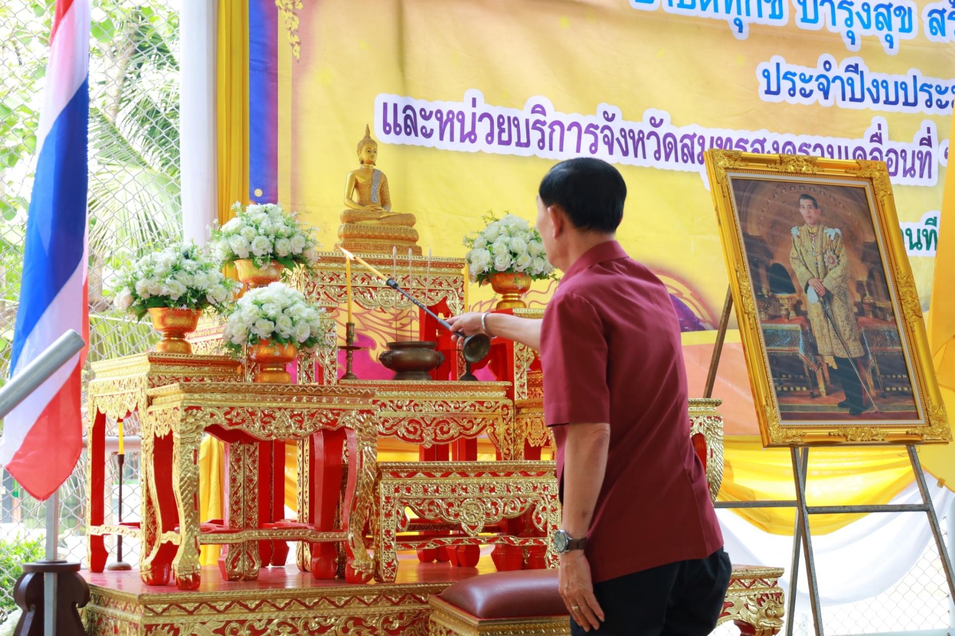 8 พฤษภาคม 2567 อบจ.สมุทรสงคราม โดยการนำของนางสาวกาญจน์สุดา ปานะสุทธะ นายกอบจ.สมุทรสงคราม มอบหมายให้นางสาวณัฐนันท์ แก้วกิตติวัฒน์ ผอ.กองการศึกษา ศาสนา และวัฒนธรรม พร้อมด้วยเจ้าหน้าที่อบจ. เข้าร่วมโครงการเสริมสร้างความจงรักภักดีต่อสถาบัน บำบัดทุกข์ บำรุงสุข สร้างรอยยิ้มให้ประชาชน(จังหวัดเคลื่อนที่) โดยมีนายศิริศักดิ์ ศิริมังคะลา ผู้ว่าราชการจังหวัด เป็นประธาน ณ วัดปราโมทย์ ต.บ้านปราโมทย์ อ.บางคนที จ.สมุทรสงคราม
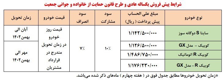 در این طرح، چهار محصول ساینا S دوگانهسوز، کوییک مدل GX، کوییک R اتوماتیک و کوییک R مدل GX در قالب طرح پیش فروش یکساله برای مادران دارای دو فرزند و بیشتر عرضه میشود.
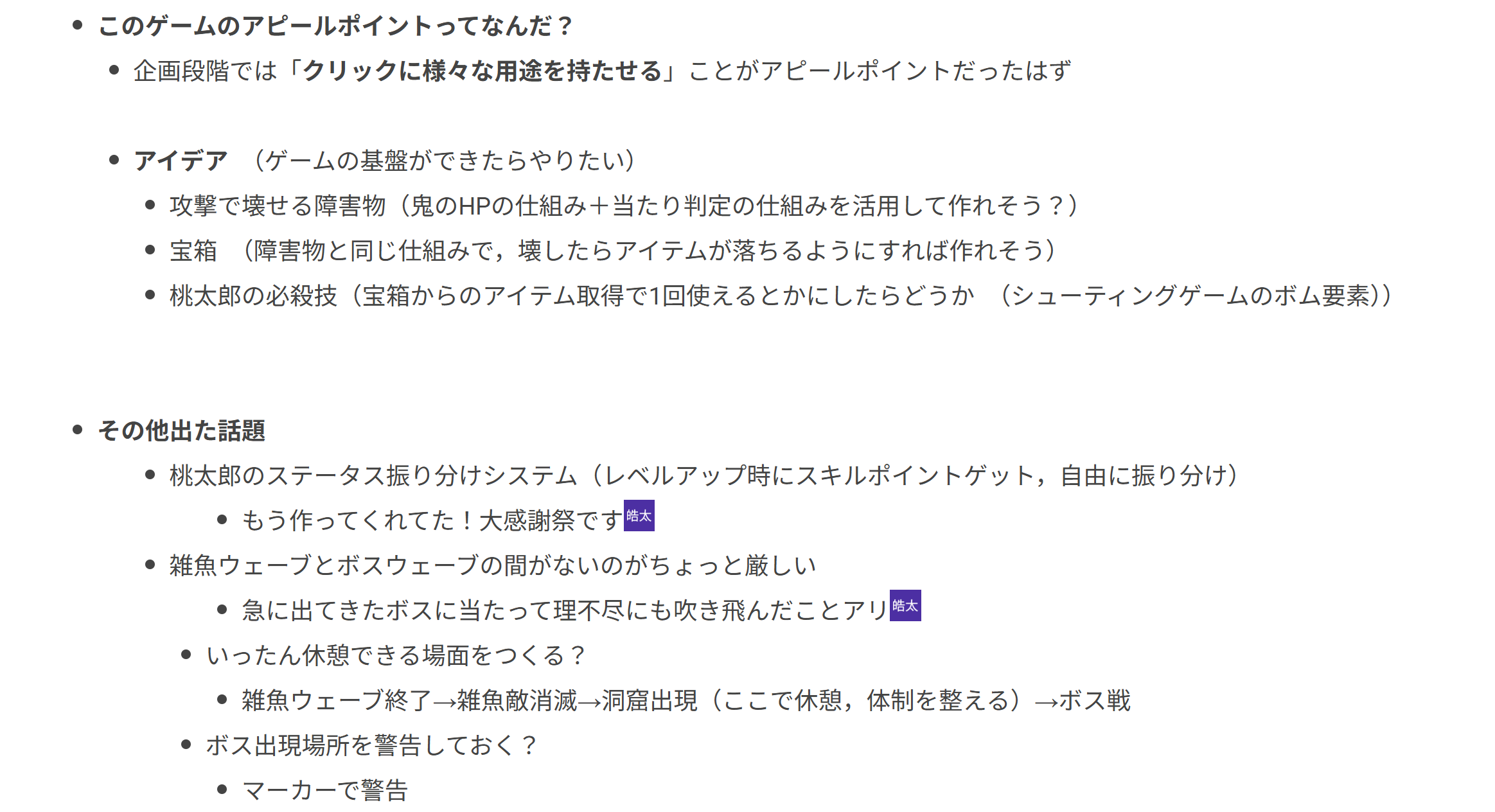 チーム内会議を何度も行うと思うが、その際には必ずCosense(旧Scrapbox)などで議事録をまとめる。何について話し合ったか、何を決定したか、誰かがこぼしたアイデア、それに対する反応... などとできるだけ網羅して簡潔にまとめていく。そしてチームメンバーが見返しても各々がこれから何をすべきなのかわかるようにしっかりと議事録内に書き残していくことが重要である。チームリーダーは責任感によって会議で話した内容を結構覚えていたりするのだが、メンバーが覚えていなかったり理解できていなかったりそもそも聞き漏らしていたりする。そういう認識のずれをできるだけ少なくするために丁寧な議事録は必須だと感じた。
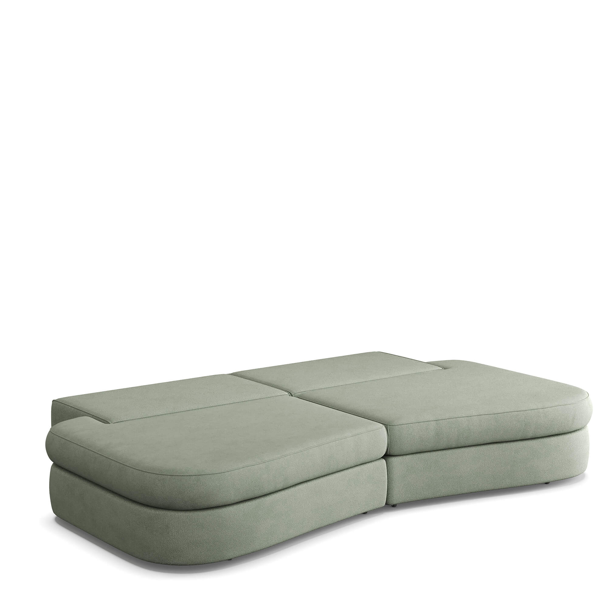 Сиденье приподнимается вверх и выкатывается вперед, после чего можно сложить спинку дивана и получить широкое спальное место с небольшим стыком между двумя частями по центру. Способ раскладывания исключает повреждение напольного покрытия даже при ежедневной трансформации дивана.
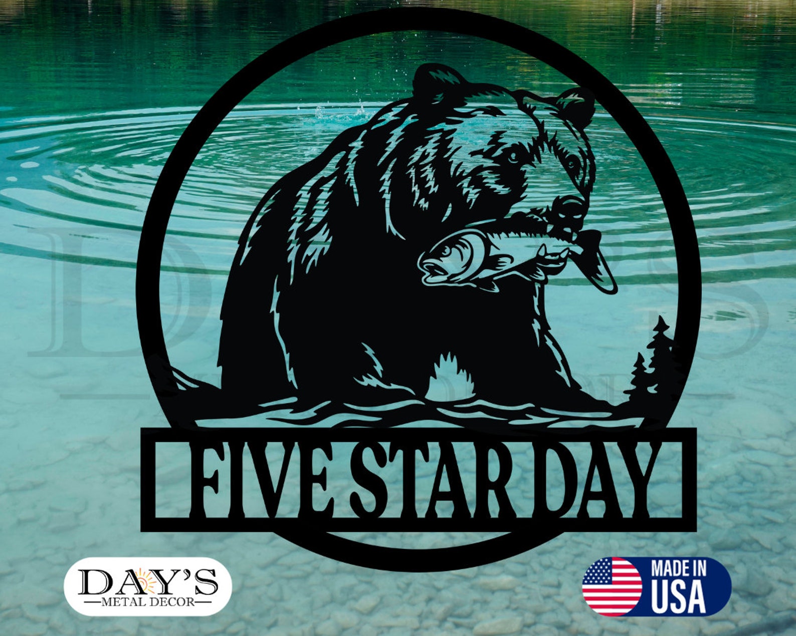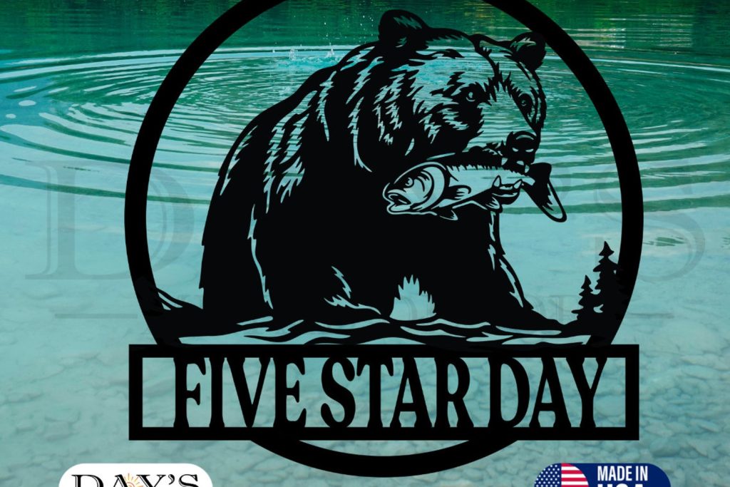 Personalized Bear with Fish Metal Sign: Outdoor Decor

## WHAT TO WORK ON
Quote verbatim every line starting at the line that contains "Сиденье приподнимается вверх" and ending with the last line of the records; omit all pictures.

## PROBLEM SOLUTION
 Сиденье приподнимается вверх и выкатывается вперед, после чего можно сложить спинку дивана и получить широкое спальное место с небольшим стыком между двумя частями по центру. Способ раскладывания исключает повреждение напольного покрытия даже при ежедневной трансформации дивана.
 Personalized Bear with Fish Metal Sign: Outdoor Decor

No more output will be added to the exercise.